**How to complete this task**
The entries below contain a stretch that opens with the line containing "Disassemble all parts" and closes with the line containing "خانواده داود رشیدی"; set down that stretch exactly, both ends included, and nothing else.

**Data for the task**
- - -

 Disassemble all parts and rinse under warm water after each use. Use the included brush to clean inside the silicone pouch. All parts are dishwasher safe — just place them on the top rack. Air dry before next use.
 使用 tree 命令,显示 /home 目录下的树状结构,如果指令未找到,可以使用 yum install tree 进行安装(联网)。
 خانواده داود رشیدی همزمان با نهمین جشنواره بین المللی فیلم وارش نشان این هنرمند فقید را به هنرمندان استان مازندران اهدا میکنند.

- - -

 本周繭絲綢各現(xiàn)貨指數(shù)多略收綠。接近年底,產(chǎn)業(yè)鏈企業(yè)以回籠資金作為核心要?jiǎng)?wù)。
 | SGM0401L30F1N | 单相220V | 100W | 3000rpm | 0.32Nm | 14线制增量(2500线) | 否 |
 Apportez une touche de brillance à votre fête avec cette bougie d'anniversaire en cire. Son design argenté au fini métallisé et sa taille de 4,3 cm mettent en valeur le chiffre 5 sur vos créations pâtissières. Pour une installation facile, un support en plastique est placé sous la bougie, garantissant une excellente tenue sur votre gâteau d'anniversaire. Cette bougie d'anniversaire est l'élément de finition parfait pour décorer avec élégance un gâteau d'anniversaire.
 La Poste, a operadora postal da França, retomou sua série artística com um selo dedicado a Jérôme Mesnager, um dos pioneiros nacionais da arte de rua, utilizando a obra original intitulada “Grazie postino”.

- - -

**Written response**
 Disassemble all parts and rinse under warm water after each use. Use the included brush to clean inside the silicone pouch. All parts are dishwasher safe — just place them on the top rack. Air dry before next use.
 使用 tree 命令,显示 /home 目录下的树状结构,如果指令未找到,可以使用 yum install tree 进行安装(联网)。
 خانواده داود رشیدی همزمان با نهمین جشنواره بین المللی فیلم وارش نشان این هنرمند فقید را به هنرمندان استان مازندران اهدا میکنند.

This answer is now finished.